__Your instructions__. Copy the entries below verbatim, omitting any pictures they contain.

__Exercise materials__.
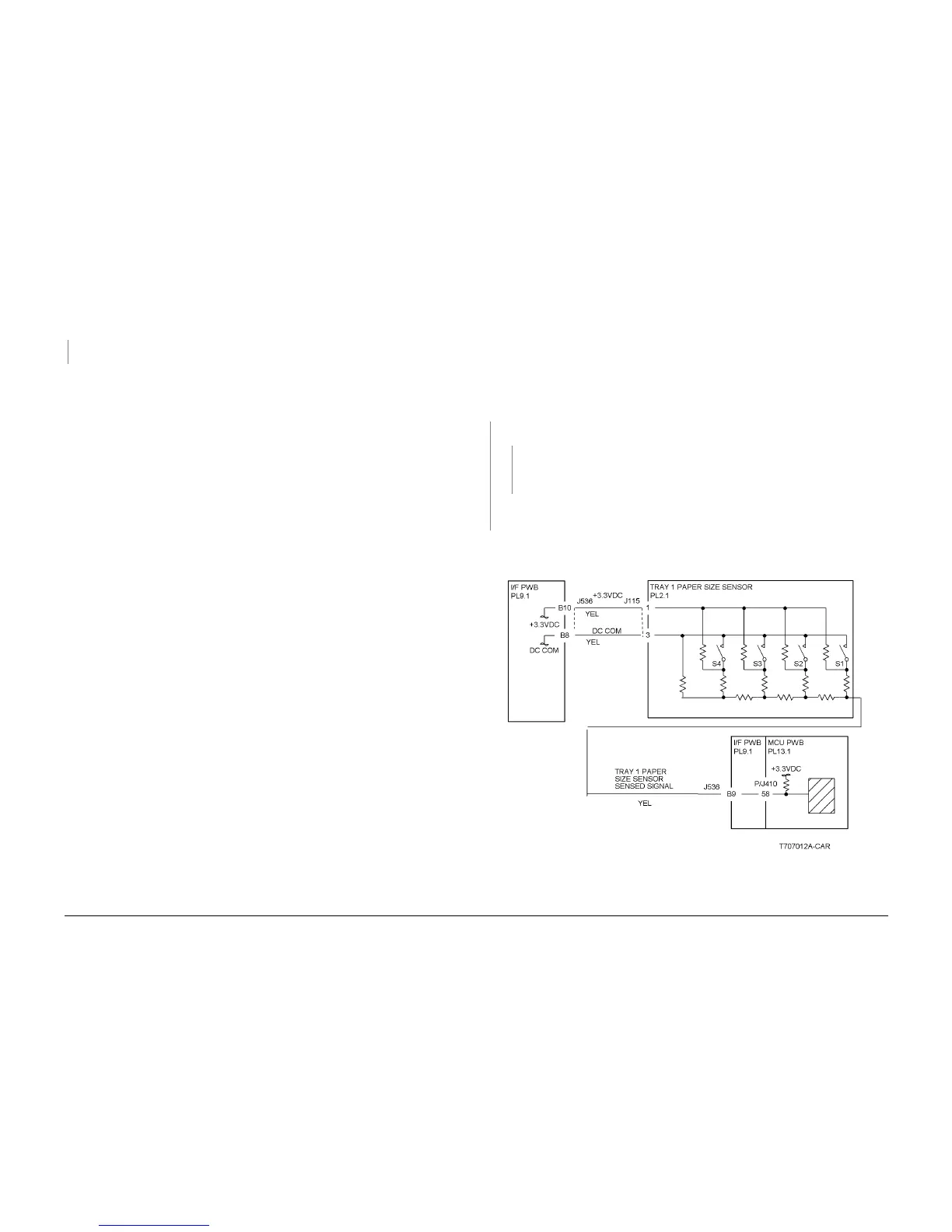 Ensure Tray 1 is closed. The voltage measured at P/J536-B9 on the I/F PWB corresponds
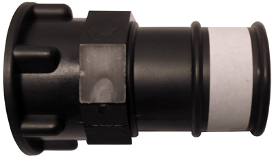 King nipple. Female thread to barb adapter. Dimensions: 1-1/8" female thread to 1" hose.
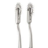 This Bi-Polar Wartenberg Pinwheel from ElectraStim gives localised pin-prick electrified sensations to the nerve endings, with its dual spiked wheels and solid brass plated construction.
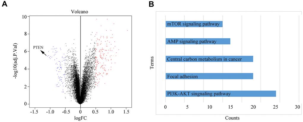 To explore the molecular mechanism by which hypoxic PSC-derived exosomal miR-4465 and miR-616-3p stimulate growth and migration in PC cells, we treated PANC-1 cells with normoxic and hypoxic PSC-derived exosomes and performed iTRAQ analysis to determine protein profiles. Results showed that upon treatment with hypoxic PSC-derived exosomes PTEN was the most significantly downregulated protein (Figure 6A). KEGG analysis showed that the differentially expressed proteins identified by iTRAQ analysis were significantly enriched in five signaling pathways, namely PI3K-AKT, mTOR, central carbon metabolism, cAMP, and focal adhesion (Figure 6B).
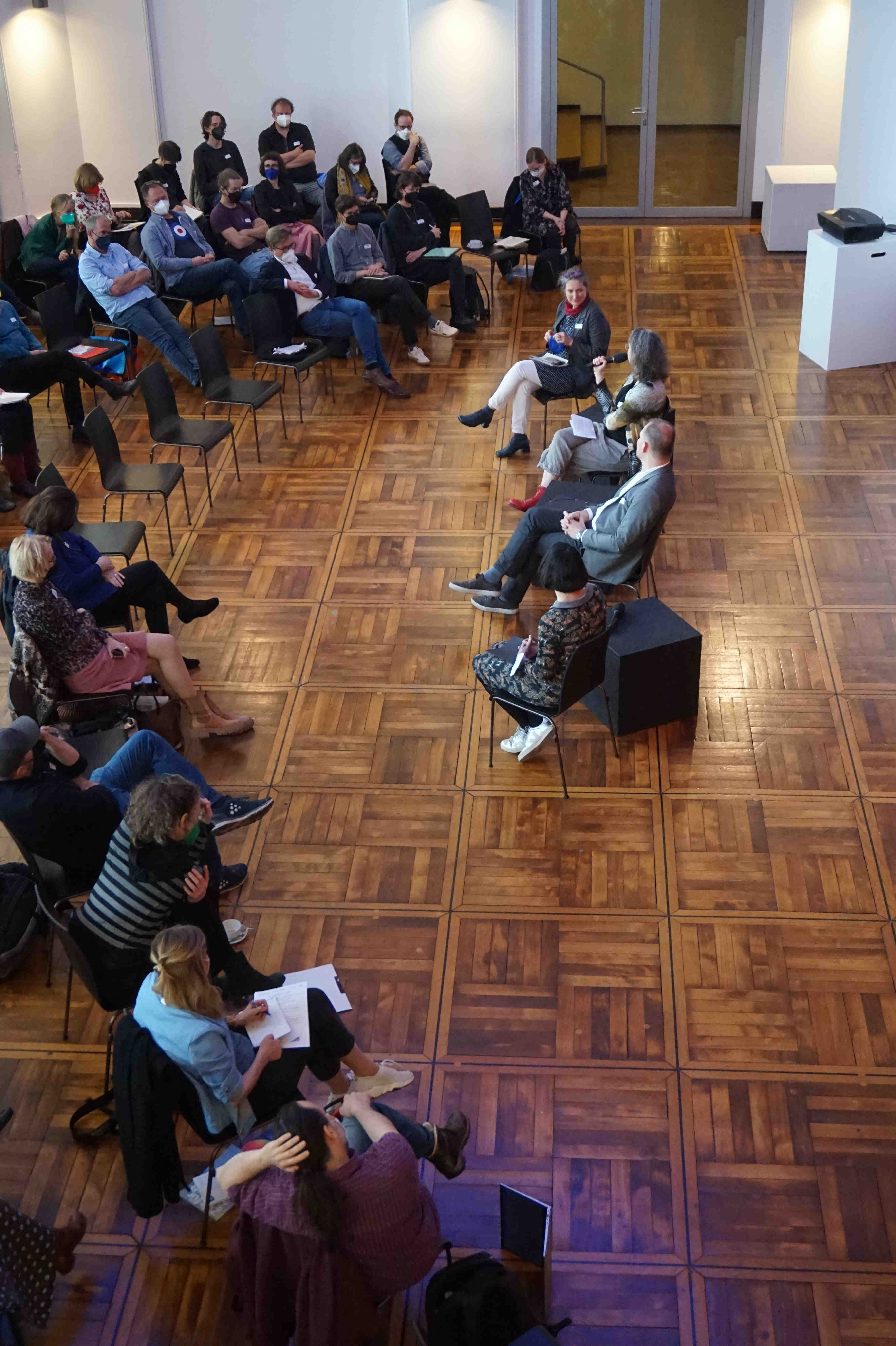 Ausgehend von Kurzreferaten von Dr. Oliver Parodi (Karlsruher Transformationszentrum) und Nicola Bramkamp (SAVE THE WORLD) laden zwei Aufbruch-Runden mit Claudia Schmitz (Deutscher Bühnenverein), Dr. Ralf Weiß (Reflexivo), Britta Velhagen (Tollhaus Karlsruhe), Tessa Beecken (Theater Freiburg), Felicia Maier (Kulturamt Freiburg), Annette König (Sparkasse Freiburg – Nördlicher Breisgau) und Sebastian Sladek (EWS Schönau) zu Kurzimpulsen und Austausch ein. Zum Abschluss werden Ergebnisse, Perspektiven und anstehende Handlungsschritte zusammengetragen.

__Solved exercise__.
 Ensure Tray 1 is closed. The voltage measured at P/J536-B9 on the I/F PWB corresponds
 King nipple. Female thread to barb adapter. Dimensions: 1-1/8" female thread to 1" hose.
 This Bi-Polar Wartenberg Pinwheel from ElectraStim gives localised pin-prick electrified sensations to the nerve endings, with its dual spiked wheels and solid brass plated construction.
 To explore the molecular mechanism by which hypoxic PSC-derived exosomal miR-4465 and miR-616-3p stimulate growth and migration in PC cells, we treated PANC-1 cells with normoxic and hypoxic PSC-derived exosomes and performed iTRAQ analysis to determine protein profiles. Results showed that upon treatment with hypoxic PSC-derived exosomes PTEN was the most significantly downregulated protein (Figure 6A). KEGG analysis showed that the differentially expressed proteins identified by iTRAQ analysis were significantly enriched in five signaling pathways, namely PI3K-AKT, mTOR, central carbon metabolism, cAMP, and focal adhesion (Figure 6B).
 Ausgehend von Kurzreferaten von Dr. Oliver Parodi (Karlsruher Transformationszentrum) und Nicola Bramkamp (SAVE THE WORLD) laden zwei Aufbruch-Runden mit Claudia Schmitz (Deutscher Bühnenverein), Dr. Ralf Weiß (Reflexivo), Britta Velhagen (Tollhaus Karlsruhe), Tessa Beecken (Theater Freiburg), Felicia Maier (Kulturamt Freiburg), Annette König (Sparkasse Freiburg – Nördlicher Breisgau) und Sebastian Sladek (EWS Schönau) zu Kurzimpulsen und Austausch ein. Zum Abschluss werden Ergebnisse, Perspektiven und anstehende Handlungsschritte zusammengetragen.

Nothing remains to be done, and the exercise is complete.